The perceptual indifference point for each visual condition was assessed twice in the perceptual priors task. As this is a novel task, we tested whether these simultaneously assessed indifference points correlated strongly, as that would give us an indication of the reliability of the measurement. First, we correlated the indifference points in the condition where no priors were presented (the reference condition). Across groups the correlation was r=.70. Separately it was r=.81 for HC, r=.71 for ARMS and .51 for FEP (all p<.01). Second, in a similar fashion, we assessed how strongly the effect of the perceptual priors was correlated across the two simultaneously assessed staircases. The reliability of the strength of the perceptual priors across groups was r=.62. Separately, it was r=.64 for HCS, r=.85 for ARMS and .47 for FEP (all p<.01) (Figure 5). For the remainder of the analyses we averaged for each visual condition (Ba Da and reference) the perceptual indifference points, and the estimation of the sensory prior strength (Figure 2).
1.3.1.3. Perceptual priors shifted the perceptual indifference points in the expected direction
We tested whether the perceptual priors shift the perceptual indifference points in the expected directions compared to the reference condition. On average, across all groups taken together, Ba lip-movements lowered the value of ωBa in the perceptual indifference point by .21 (95% ci: .18-.23, T{89}=14.0, p<.0001). In contrast, Da lip-movements increased the value of ωBa in the perceptual indifference point by .16 (95% ci: .14-.18, T{89}=13.2, p<.0001) on average. When comparing the relative strength of the Ba and Da lip-movements, we found a significant difference (T{178}=2.29, p=.022), indicating a slightly stronger effect of Ba lip-movements then Da (Figure 6B).

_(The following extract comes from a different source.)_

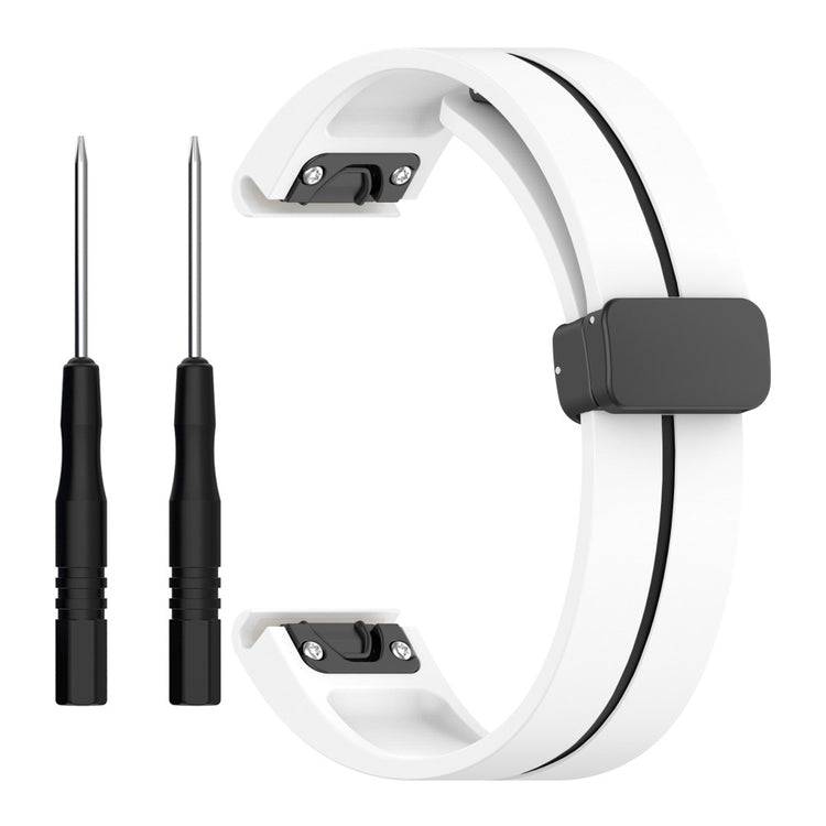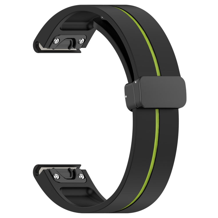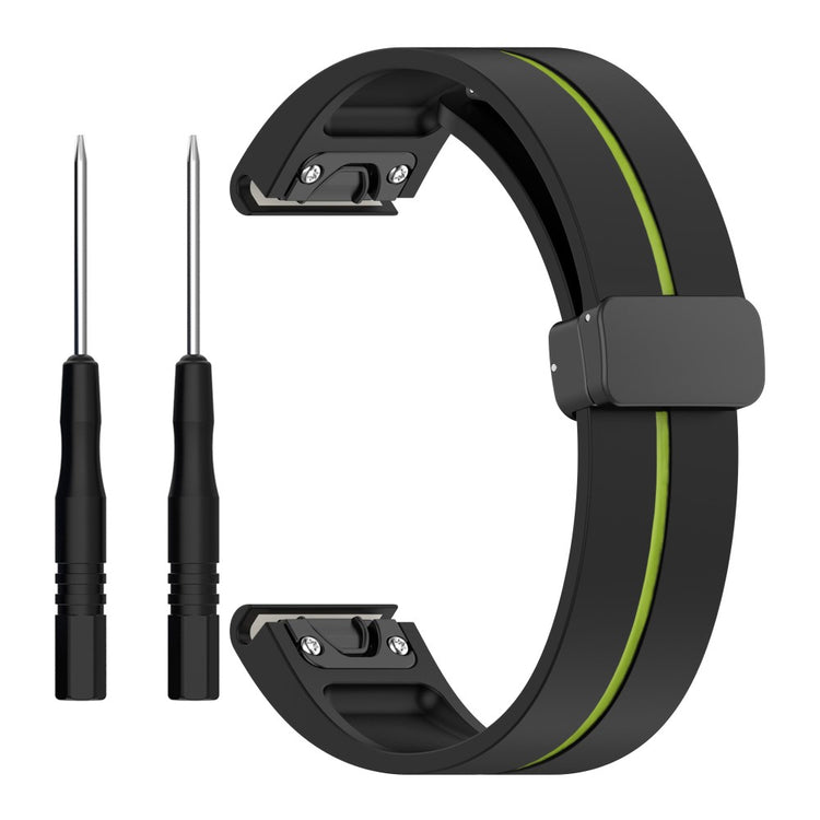 Dette armbånd er det perfekte valg for dig, der ønsker en komfortabel og dæmpet løsning til din smartwatch. Det er lavet af højkvalitets silikone, der sikrer, at det ikke skader huden og ikke forårsager allergiske reaktioner. Den holdbare konstruktion gør, at armbåndet kan anvendes dagligt uden risiko for slid. Den foldbare magnetlås gør det nemt at justere størrelsen og tilpasse det perfekt til dit håndled. Hvis du skal udskifte et gammelt eller beskadiget armbånd, er dette den ideelle erstatning. Med forskellige farver til rådighed kan du finde det, der passer bedst til din stil og dine behov. Det er kompatibelt med flere Garmin-modeller, hvilket gør det til et alsidigt valg. Investér i dette armbånd for at forbedre din hverdag og fuldende dit outfit med elegance.

1.3.1.4. The perceptual indifference point in the reference condition was equal across groups
Analysing group differences, the perceptual indifference point in the reference condition was a variable of no interest, as it merely reflects a personal preference for either the auditory /Ba or /Da stimulus. Indeed, the average perceptual indifference point in the reference condition across groups in reference groups was equal (Mhcs=.48 SEHCS=.02, Marms=49 SEARM=.01, MFEP=.51 SEFEP=.01; F{2,88}=1.02, p=.36) (Figure 6D).
1.3.1.5. Perceptual priors were significantly lower in ARMS compared to FEP
To test whether the perceptual priors were significantly different across groups, we conducted a one-way ANOVA. We indeed found evidence for a difference across groups (F{2,88} = 5.32, p=.007; Figure 7A, 7C). Bonferroni corrected post-hoc T-tests revealed a significant difference between ARMS (Marms=.28 SEARMS=.03) and FEP (MFEP=.44 SEFEP=.04) (p=.005), but not between healthy controls (MHCS=.37 SEHCS=.04) and ARMS (p=.20) or FEP (p=.44).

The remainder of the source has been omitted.